Research and Monitoring of Bonaire’s Sea Turtles: 2015 Technical Report

Sea Turtle Conservation Bonaire (STCB) was formed in 1991 in order to protect the island’s marine turtle populations. In 2002 we standardized our research and monitoring efforts, following the appointment of a Scientific Officer. Annually we monitor our nesting beaches around Bonaire, conduct intensive in-water netting and snorkel surveys (capture-mark- recapture), and track post-breeding migration using satellite telemetry. These techniques provide us with a better understanding of Bonaire sea turtles’ breeding success, abundance, health, growth rates, migratory paths and distant feeding grounds, residency duration, habitat quality, and threats.

During the 2015 season, we recorded 56 nests at our index beach on Klein Bonaire. Total hawksbill (46) and loggerhead (10) nests documented there were once again similar to numbers observed during recent years. Across Bonaire and Klein Bonaire, we observed three sea turtle species crawling 233 times, which includes 77 confirmed or suspected nests. Eight green turtle nests were recorded in northeastern Bonaire with a further five green turtle nests on Klein Bonaire. Hawksbills and loggerheads exclusively nested on Klein Bonaire and the beaches of southern Bonaire. Total nesting activities peaked from mid-June through to mid-September, with nests being laid between April and the end of December 2015.

We continue to be concerned about false crawls (unsuccessful nesting attempts) for both hawksbills and loggerheads as we again documented a much higher number of false crawls in 2015 than in 2013 when our concerns first developed. This phenomenon may result from a small number of individuals which were inefficient nesters (i.e., false crawled multiple times before successfully laying a nest), disturbance to turtles during nesting, and/or indicate deterioration in the quality of particular nesting sites, perhaps due to factors such as presence of an invasive vegetation species on our index beach. Estimates of clutch size and hatch success suggest that nearly 8,170 sea turtles hatched on the beaches of Bonaire and Klein Bonaire during 2015, including some 5,170 hawksbills, 1,700 loggerheads and 1,300 green turtles.

During in-water snorkel surveys, we observed and captured green turtles and hawksbills in all regions sampled, including Klein Bonaire, along the west coast of Bonaire, and near the reef bordering Lac. This year netting in Lac was conducted in four weekly sessions across the year, as a result of research in 2014 that suggested this may be a more effective sampling strategy. The aggregation of green turtles near Lac remains much larger than sites along the west coast, and greens captured there were bigger than conspecifics elsewhere, perhaps a result of the composition and high densities of sea grasses in Lac.

The total prevalence of fibropapillomatosis (FP) among green turtles captured in nets at Lac and Lagoen marginally declined in 2015 for the first time in five years, although there were still nearly a third of captures in the nets observed to have external tumors present (30%).
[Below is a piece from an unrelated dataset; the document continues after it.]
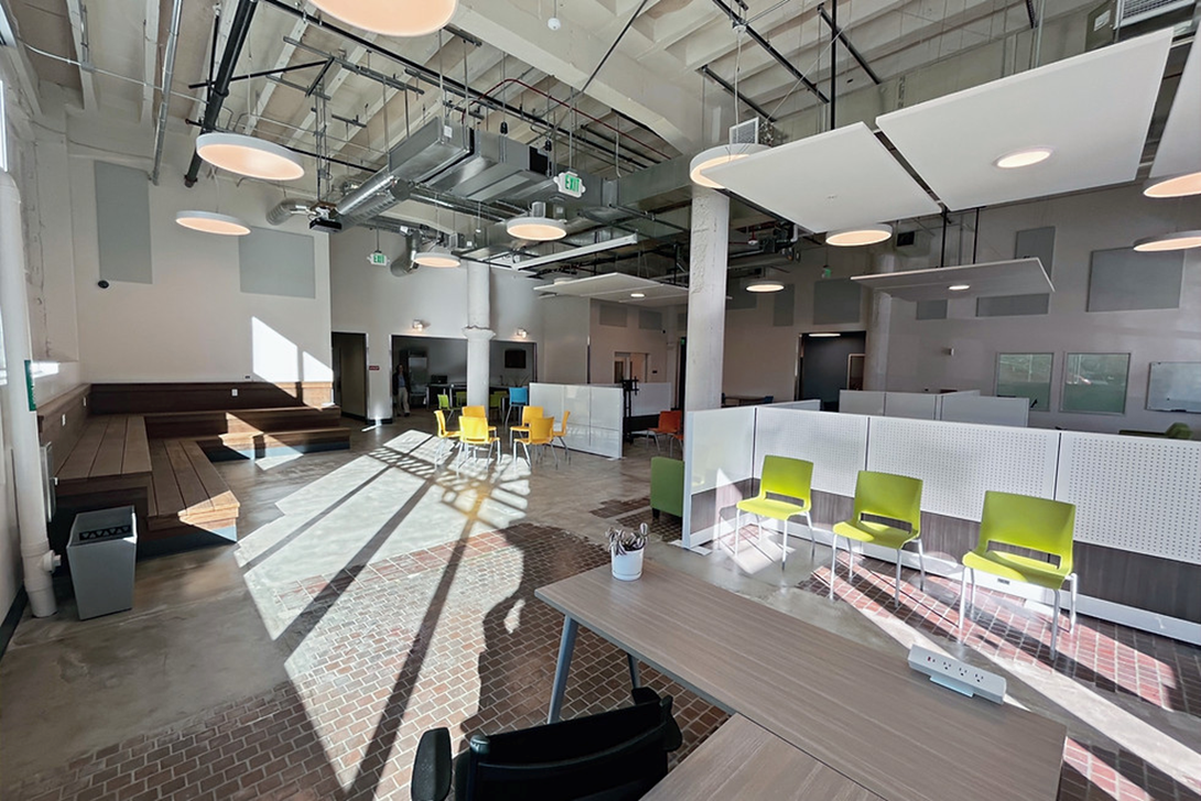 The new health and wellness center for unhoused, young adults features a large communal space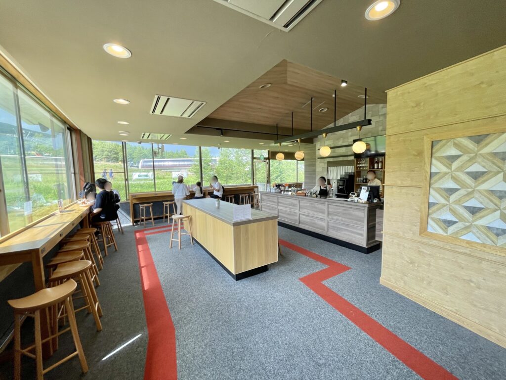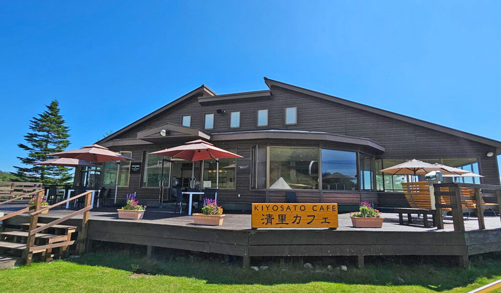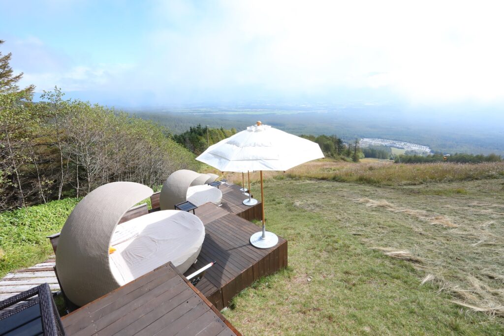 リフトから降り、さらに階段を上った先にはビーチソファやカウンターが配された第二展望デッキと、清里高原で最も高い位置にあるカフェ「カフェ1920」が。富士山や野辺山高原を望む、贅沢なビューポイントです。

The highest incidence was at Lagoen where six of the seven green turtles captured in the net there were observed with external FP tumors.
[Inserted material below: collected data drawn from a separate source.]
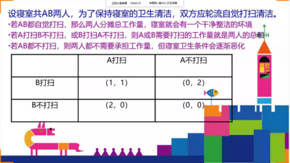 同学们从不同角度分析了现实世界中,不同案例的囚徒困境产生原因,以及分析走出囚徒困境的方式和方法。在朱雪珂和李欢老师的引导下进行了详细的讨论和交流。博弈论策略思维最基本的分析方法就是“向前展望,倒后推理”。也就是在做决策之前,要预测对方可能会采取什么行为,以及这种行为会带来什么样的结果;要明确,最后想达到一个什么样的目标,然后从这个目标倒着往后推,一步一步地确定策略。而囚徒困境中,每个人如果都追求自己的个体理性,选择对自己而言最理性的答案,结果导致了集体的最不理性。看来,指望当事者自己走出“囚徒困境”是不现实的,需要借助适当的外力。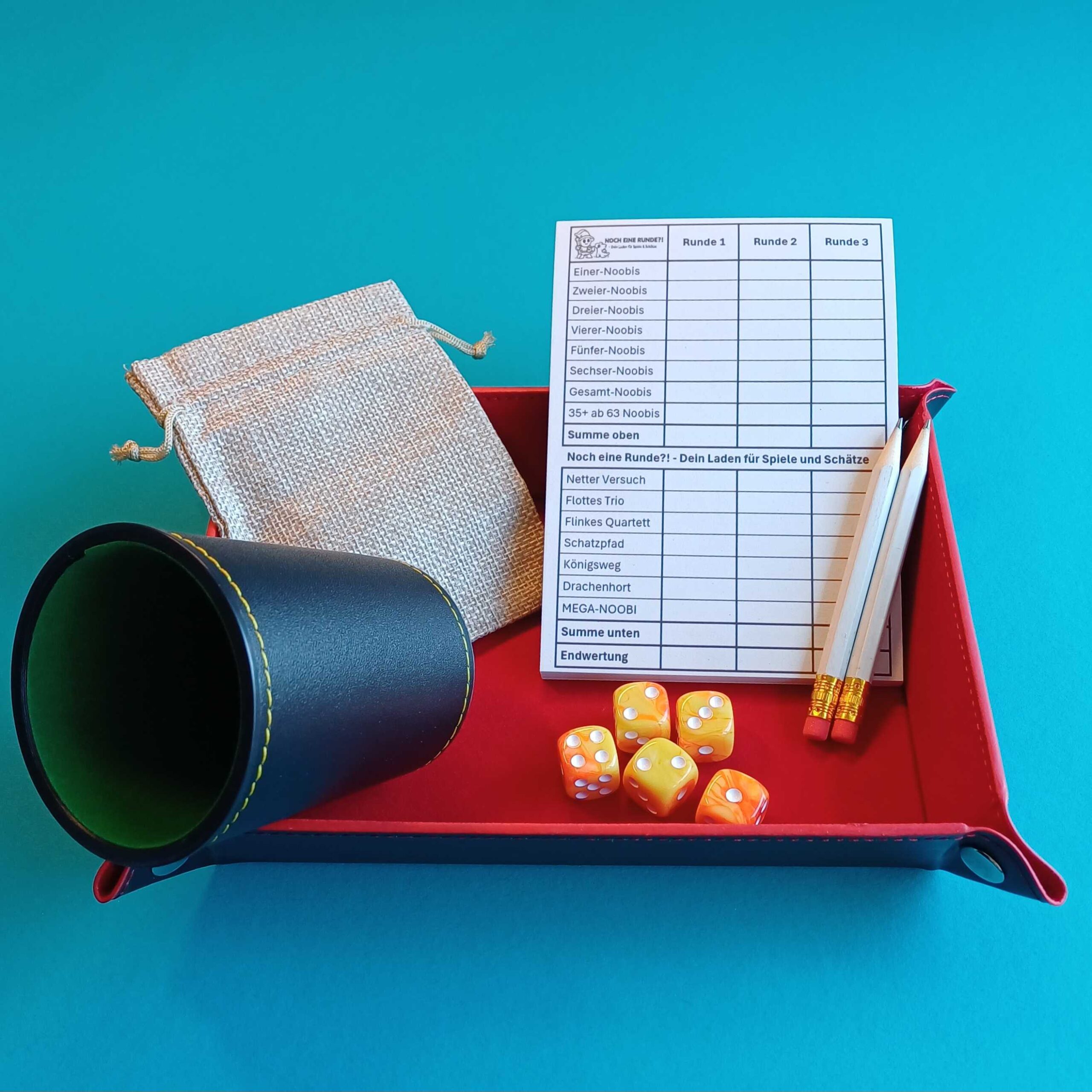 Dieses umfangreiche Set kombiniert den Noobi-Würfelglück Block (eigene Produktion) mit hochwertigem Zubehör für maximalen Spielkomfort.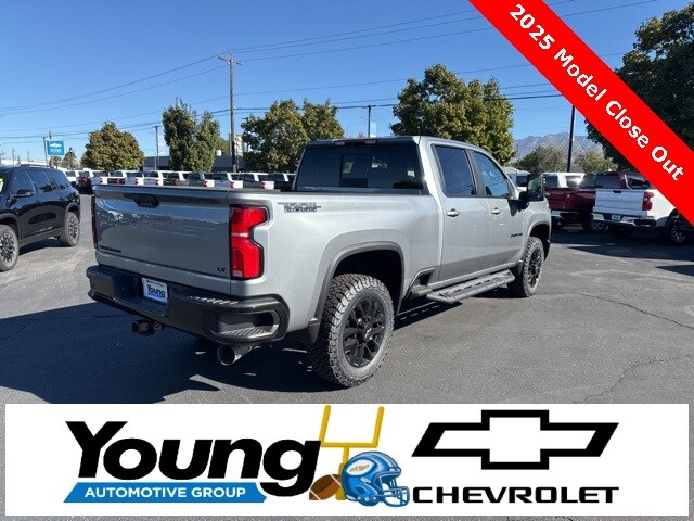 2025 Model Close Out!!! Everyone is Eligible for online price. To Qualify for the Young Chevrolet Advertised Price, customer must use Young Chevrolet Dealer Financing. Dealer is to arrange Financing for the vehicle. Cannot be combined with any other offers or discounts. Young Chevrolet Advertised Price does not include Taxes, States Fees, Registration Fees, Dealer Fees, or any Dealer Installed Accessories. You are now working with the #1 Chevrolet Dealer in Northern Utah. We take pride in offering the best selection in the state at the very best price. With over 200 years of combined automotive experience between Chevrolet and the Young Automotive Group. Call and schedule your visit with us today. Think Young, Think Young Chevrolet 801-544-1234 â" 645 N Main Street Layton Utah 84041. To Qualify for the Young Chevrolet Advertised Price, customer must use Young Chevrolet Dealer Financing. Dealer is to arrange Financing for the vehicle. Cannot be combined with any other offers or discounts. Not all buyers will qualify for available offers, incentives or discounts based on Credit, Trade, Model, Zip Code, etc. Young Chevrolet Advertised Price does not include Taxes, States Fees, Registration Fees, Dealer Fees, or any Dealer Installed Accessories. Not all Customer will qualify. Contact dealer for details. 4D Crew Cab Sterling Gray Metallic 4WD Duramax 6.6L V8 Turbodiesel 10-Speed Automatic LT Price excludes any dealer installed accessories and includes: $1000 - Customer Cash. Exp. 11/03/2025
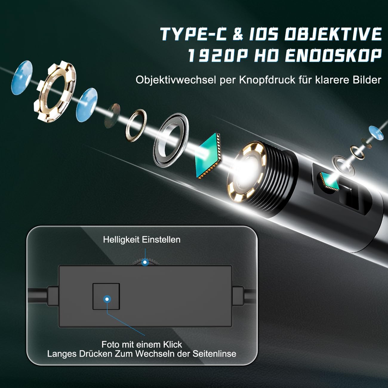 - 【2-in-1 Hohe Kompatibilität】Endoskop Kamera mit Licht iphone kommt mit Type-C, Lightning 2 In 1 Adapter Stromversorgungsschnittstelle, Diese Endoskop Kamera funktioniert mit iPhone mit iOS 9+ System und Type C Schnittstelle Samsung Telefone. Suchen

During 2015 STCB began the fieldwork component of a five-year research program in partnership with a research team funded by the Dutch National Research Organization (NWO) to study connectivity among sea turtles between the Dutch Caribbean Islands. As part of this research, satellite tags were fixed to four sub-adult green turtles; 19 nests were equipped with temperature loggers; and a long term experiment was set up in Lac Cai to learn more about turtle grazing and seagrass productivity there.
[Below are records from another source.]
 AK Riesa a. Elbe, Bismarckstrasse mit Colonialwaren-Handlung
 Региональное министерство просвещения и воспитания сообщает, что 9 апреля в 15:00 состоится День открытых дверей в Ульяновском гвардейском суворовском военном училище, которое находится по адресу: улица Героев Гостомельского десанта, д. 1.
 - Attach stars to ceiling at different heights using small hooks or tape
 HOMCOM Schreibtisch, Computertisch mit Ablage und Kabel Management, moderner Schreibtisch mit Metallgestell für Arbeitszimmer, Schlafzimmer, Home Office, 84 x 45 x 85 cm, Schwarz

There were 27 sea turtle hotline stranding incidents reported during 2015, involving 35 individual sea turtles. Once again, one of the biggest threats Caribbean-wide to sea turtles was the fishing industry and associated by-catch. There were two turtles in trouble in separate incidents requiring rehabilitation early in 2015, including an olive ridley sea turtle which was successfully returned to the wild post rehabilitation.